**Assignment:**
Reproduce the data below exactly. Skip the pictures.

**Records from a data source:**
--------------------------------
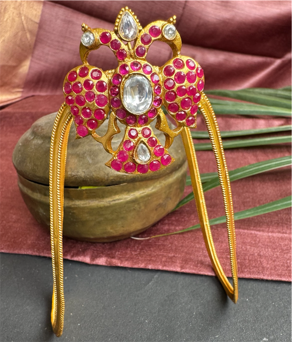 A heirloom statement piece, and a KO original design this is a stunning Vanki . A gorgeous recreation of a classic heritage design, this Vanki (armlet) features the powerful Gandaberunda motif, symbolizing strength and protection. An exclusive KO original, the piece is handcrafted using ancient South Indian jewelry techniques in Sterling (92.5%) Silver and finished with a special gold-dipped process to create a rich antique look. The iconic V-shape ensures a comfortable, adjustable fit for any arm size while the redand white polki stones add a stunning look. A timeless expression of tradition, craftsmanship, and enduring beauty.
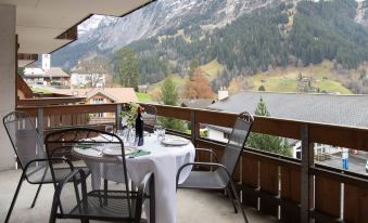 Residence "Chalet Abendrot apARTments". In the centre. In the house: reception, lounge, WiFi, table tennis, billiard table, playroom, lift, storage room for skis, central heating system. Pre-arrival grocery service. In Winter: please take snow chains. Communal covered parking (extra), public parking 200 m extra. Shop 400 m, restaurant 10 m, bus stop "Firstbahn" 80 m, railway station "Grindelwald Dorf" 800 m, outdoor swimming pool 2.5 km, indoor swimming pool 600 m. Golf course (9 hole) 2 km, tennis 1 km, minigolf 400 m, sports centre 600 m, mountain railway 800 m, gondola lift 80 m, ski rental 50 m, ski bus stop 80 m, cross country ski track 1 km, children's playground 600 m. Well-known lakes can easily be reached: Thuner-/Brienzersee 18 km. Please note: The owner does not accept any groups. Ski bus (free of charge). Neighbourhood highly sensitive to noise. Quietness and good behaviour expected. Indian restaurant "Golden India" in the house. The apartment house, built in chalet style, offers a youth room, a children's playroom, a garage (parking space CHF 98.00/week, reservation on arrival). Modern-rustic and cozy apartments, most with a spacious balcony or terrace and a wonderful view of the mountains. Please note: limited number of garage spaces. Pre-reservation not possible. Garage height and width: 12 parking spaces 2.09x2.06 m, 15 parking spaces 1.65x2.06 m. Max. 2000 kg. 3-room apartment 57 m2 on 2nd floor, south facing position. Living/dining room with cable TV (flat screen). 2 double bedrooms. Open kitchen (oven, dishwasher, 4 ceramic glass hob hotplates, toaster, kettle, electric coffee machine). Bath/WC. Balcony, south facing position. Terrace furniture. Beautiful view of the mountains and Eiger. Facilities: hair dryer. Internet (WiFi, free). Please note: non-smokers only. Maximum 1 pet/ dog allowed. A fondue set (meat or cheese) and a raclette oven can be borrowed from reception.
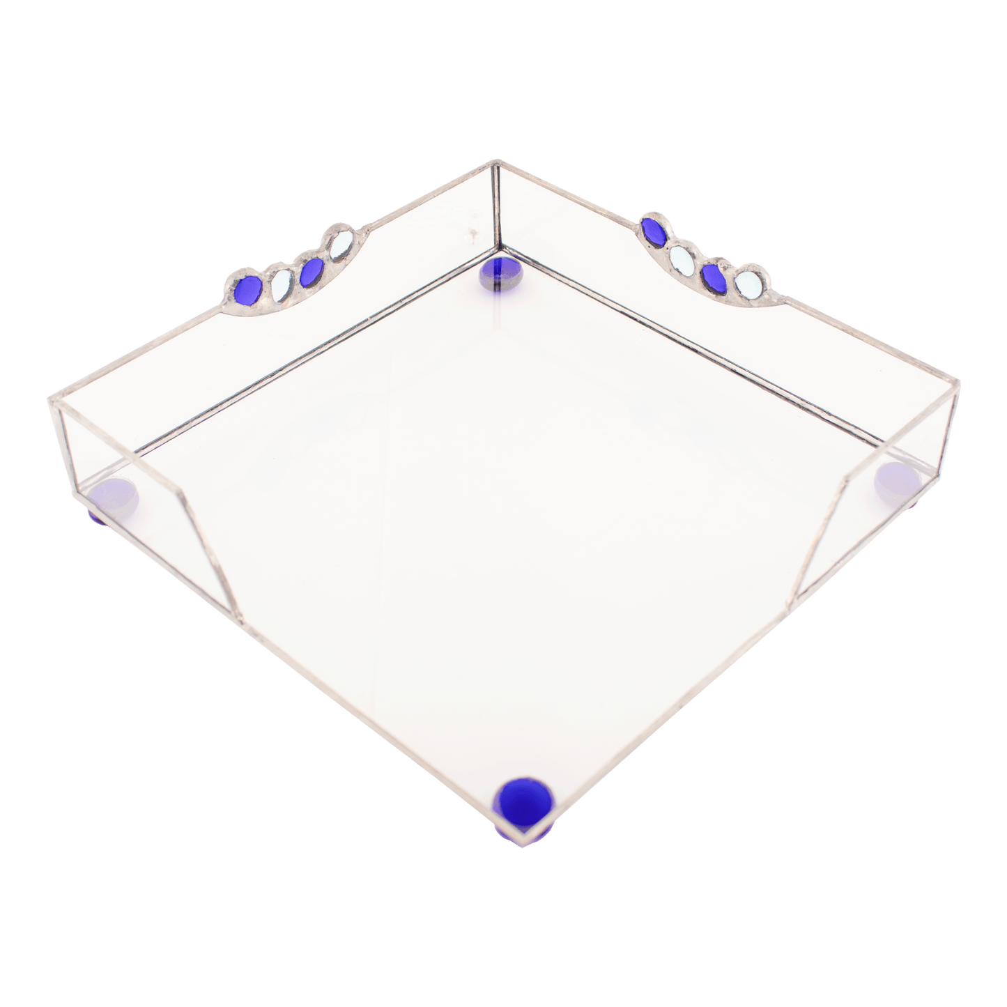 This elegant clear stained-glass matzah tray is a stunning addition to your Passover table. The tray is adorned with delicate blue and clear decorative stones, adding a touch of color and sparkle to the design. The clear stained glass beautifully showcases the matzah, while the blue accents provide a serene, sophisticated look. Perfect for holding matzah during your Seder, this tray combines functionality with artistry, making it a meaningful and stylish piece for your holiday celebrations.
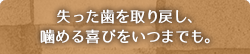 など、さまざまな入れ歯をご用意し、皆さんのお口に合うものをご提供させていただきます。入れ歯があわないせいで日常的なことに不便を感じ、生活を思い切り楽しめないと悩みや不満をお持ちの方、ぜひ『自分の歯のように噛める幸せ』を感じてください。
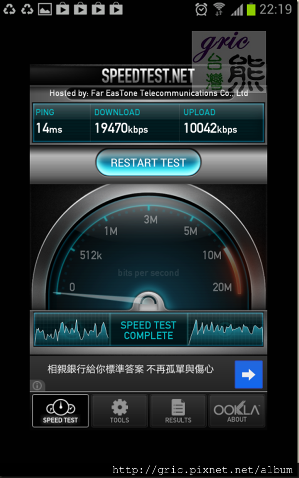 圖 T43 14 ms / 19470 kbps / 10042 kbps,表現還算不錯。
--------------------------------
**Written response:**
 A heirloom statement piece, and a KO original design this is a stunning Vanki . A gorgeous recreation of a classic heritage design, this Vanki (armlet) features the powerful Gandaberunda motif, symbolizing strength and protection. An exclusive KO original, the piece is handcrafted using ancient South Indian jewelry techniques in Sterling (92.5%) Silver and finished with a special gold-dipped process to create a rich antique look. The iconic V-shape ensures a comfortable, adjustable fit for any arm size while the redand white polki stones add a stunning look. A timeless expression of tradition, craftsmanship, and enduring beauty.
 Residence "Chalet Abendrot apARTments". In the centre. In the house: reception, lounge, WiFi, table tennis, billiard table, playroom, lift, storage room for skis, central heating system. Pre-arrival grocery service. In Winter: please take snow chains. Communal covered parking (extra), public parking 200 m extra. Shop 400 m, restaurant 10 m, bus stop "Firstbahn" 80 m, railway station "Grindelwald Dorf" 800 m, outdoor swimming pool 2.5 km, indoor swimming pool 600 m. Golf course (9 hole) 2 km, tennis 1 km, minigolf 400 m, sports centre 600 m, mountain railway 800 m, gondola lift 80 m, ski rental 50 m, ski bus stop 80 m, cross country ski track 1 km, children's playground 600 m. Well-known lakes can easily be reached: Thuner-/Brienzersee 18 km. Please note: The owner does not accept any groups. Ski bus (free of charge). Neighbourhood highly sensitive to noise. Quietness and good behaviour expected. Indian restaurant "Golden India" in the house. The apartment house, built in chalet style, offers a youth room, a children's playroom, a garage (parking space CHF 98.00/week, reservation on arrival). Modern-rustic and cozy apartments, most with a spacious balcony or terrace and a wonderful view of the mountains. Please note: limited number of garage spaces. Pre-reservation not possible. Garage height and width: 12 parking spaces 2.09x2.06 m, 15 parking spaces 1.65x2.06 m. Max. 2000 kg. 3-room apartment 57 m2 on 2nd floor, south facing position. Living/dining room with cable TV (flat screen). 2 double bedrooms. Open kitchen (oven, dishwasher, 4 ceramic glass hob hotplates, toaster, kettle, electric coffee machine). Bath/WC. Balcony, south facing position. Terrace furniture. Beautiful view of the mountains and Eiger. Facilities: hair dryer. Internet (WiFi, free). Please note: non-smokers only. Maximum 1 pet/ dog allowed. A fondue set (meat or cheese) and a raclette oven can be borrowed from reception.
 This elegant clear stained-glass matzah tray is a stunning addition to your Passover table. The tray is adorned with delicate blue and clear decorative stones, adding a touch of color and sparkle to the design. The clear stained glass beautifully showcases the matzah, while the blue accents provide a serene, sophisticated look. Perfect for holding matzah during your Seder, this tray combines functionality with artistry, making it a meaningful and stylish piece for your holiday celebrations.
 など、さまざまな入れ歯をご用意し、皆さんのお口に合うものをご提供させていただきます。入れ歯があわないせいで日常的なことに不便を感じ、生活を思い切り楽しめないと悩みや不満をお持ちの方、ぜひ『自分の歯のように噛める幸せ』を感じてください。
 圖 T43 14 ms / 19470 kbps / 10042 kbps,表現還算不錯。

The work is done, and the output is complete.